1. die erste antwort und gleich ein fullqoute ! - RESPEKT !

2. 10g trinkgeld verlangen find ich ganz ok 
ich bin lederer und wenn einer meine dienste in anspruch nimmt kommt natürlich immer drauf an
was, aber bei epic sachen 
mind 15g und bei rar sachen mind. 10g


----------



## Natsumee (18. August 2008)

ja ich musste voll der scheis echt und als ich da fertig wan kam paar wochen drauf der patch wo die das geändert haben -.-


----------



## marcloker (18. August 2008)

also 10g ist echt mehr als ok.... das ist doch so gut wie geschenkt^^ aber das problem ist halt das viele sich die sachen durch ihre gildenkollegen verzaubern lassen und es gewohnt sind das es dort umsonst ist.  aber sich dann wegen 10 lausigen gold aufregen... tz tz tz


----------



## Cregath (18. August 2008)

als ich früher noch gespielt habe ... vor bc zeiten .... schrieb man das garnicht dazu mit trinkgeld ... da gab einer immer min 5g.


----------



## Manitu2007 (18. August 2008)

Also das mit dem 10g kann man sehen wie man will, weil die Mats deutlich teurer sind (je nach Realm) und daher derjennige der den Scharfrichter haben möchte schon auf seine Kosten kommt und der rest ja nur ein klick im Handels Fenster ist.

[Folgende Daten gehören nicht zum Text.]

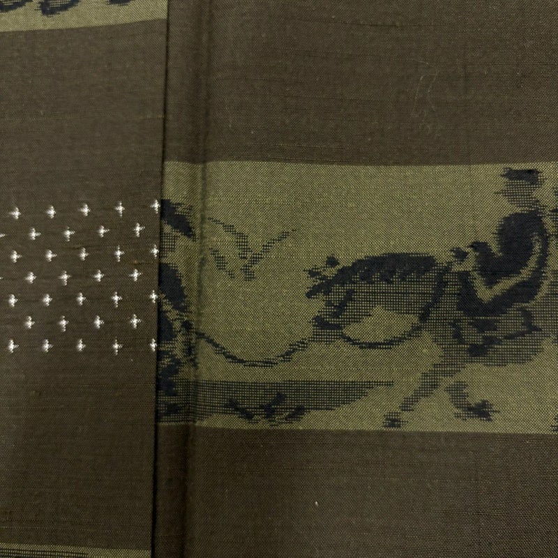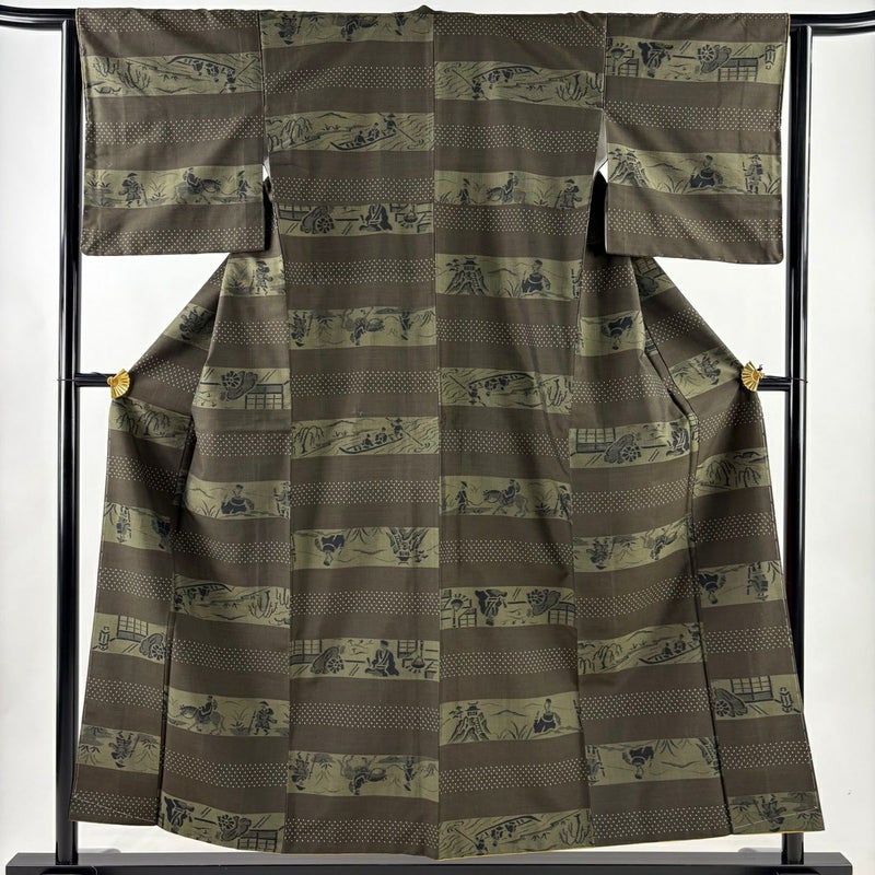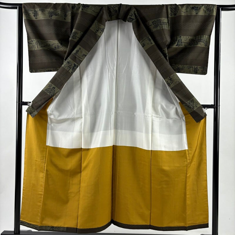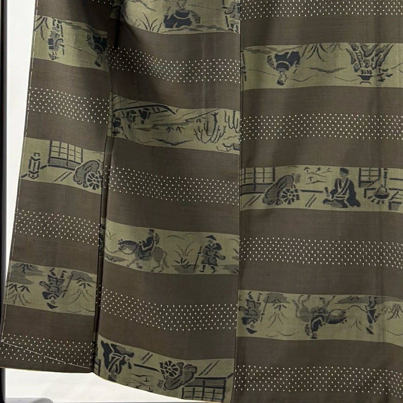 【紬】 茶系 茶緑色 秀品 A 約150cm~約159cm 裄丈63cm-64cm (S)size 袖丈47cm 7990-9980 美品 二万以下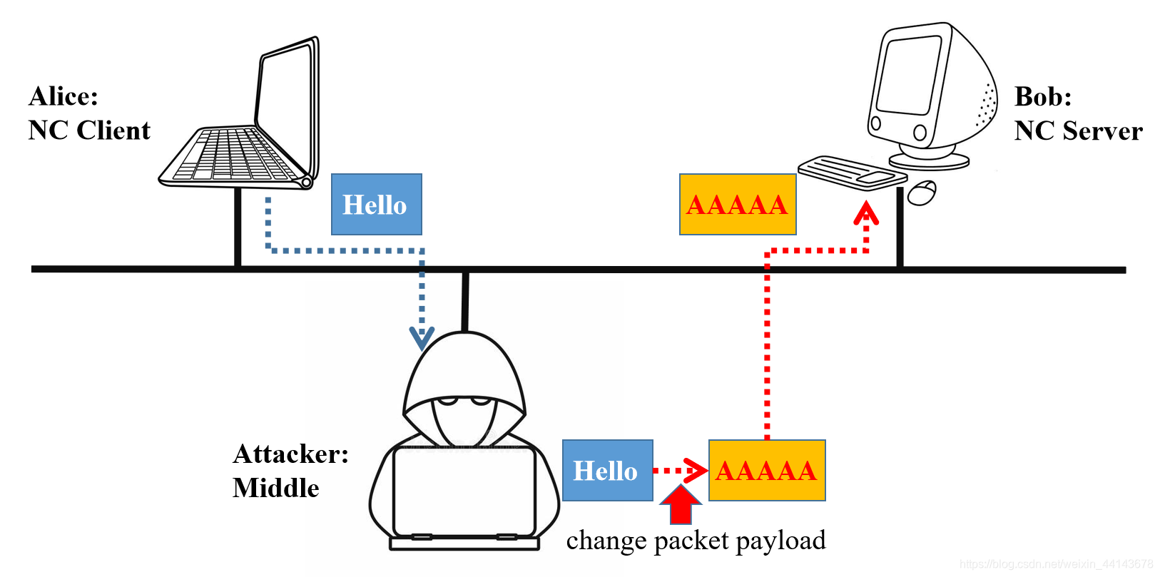 然后让Alice和Bob进行Netcat通信,我们发现此时Alice和Bob可以经过Attacker正常通信:

Von daher machen es denke ich mal einige Umsonst und bei bedarf gibt es noch ein TG (z. B. wenn eine Mats gestellt wurde).

Da ich selber VZ bin jedoch diese Verzauberung noch nicht habe, jedoch einige auf unserem Server und diese es auch gegen TG machen und einige Mats zur verfügung stellen

Formel: Waffe - Scharfrichter

Ich denke mal bei den Mats kannst du dir die 10TG getrost schenken.


----------



## Zwergjaeger (18. August 2008)

meiner meinung nach müsste man verzauberungen im AH verkaufen können. das würde mehr gold bringen. diese TG sache klappt in andern berufen auch nich immer, aber vz is echt miese, da verdienste nix und hast nur müll in den taschen... regt mich immer richtig auf.^^


----------



## Nekramcruun (18. August 2008)

der war lvl 29 ich geh also mal von PvP twink aus....wenn der seinen PvP twink ausstatten will und ihm das nicht mal 10g wert ist dann ist er selbst ein noob mal unabhängig davon daß er natürlich recht hat wenn er sagt daß du keine stärke brauchst als magier.

dennoch geht ihn das nix an ich kann das auch nicht leiden wenn leute anderen erzählen was sie für equip tragen oder wie sie skillen sollten.

ich hätte den auch auf ignore gesetzt und die 10g finde ich völlig in ordnung.


----------



## Zauberziege (18. August 2008)

Man sollte den VZ das Gold zugestehen.
Ich habe selber einen VZ im Aufbau weil ich mir irgendwann mal die Waffen selber verzaubern will.
Aber als VZ kann man keine Drop verkaufen weil man sie entzaubern muss um an Mats zu kommen.
Das einzige Einkommen das ein VZ hat is das TG von den Verzauberungen. Da ist es OK wenn man einen Fixwert angibt.
Wenn ich mir die VZ nicht leisten kann, einfach mal mit dem VZ reden.
Vieleicht hat man was in der Tasche was als Matsquelle anbieten kann.
In der Regel lassen sie sich drauf ein.
Also anstatt 10 G halt 5 G und 2 Grüne Drops vom enstprechenden LvL.
Das ist auch ok.



			Dieser Inhalt steht nur eingeloggten Mitgliedern zur Verfügung.


----------



## Fleischermeister (18. August 2008)

Inferis schrieb:


> da du flames wünschst: ahja scharfrichter brauch nen skill von 300? das wäre mir aber verdammt neu.
> 
> eisiger hauch? WEH TEH EFF? wer nimmt dich bitte so mit Zul Aman?
> 
> ...



1. Nett, danke wenigstens einer der aufpasst, hast wohl Recht, hab Scharfrichter mit Kreuzfahrer verwechselt, aber nicht gewollt.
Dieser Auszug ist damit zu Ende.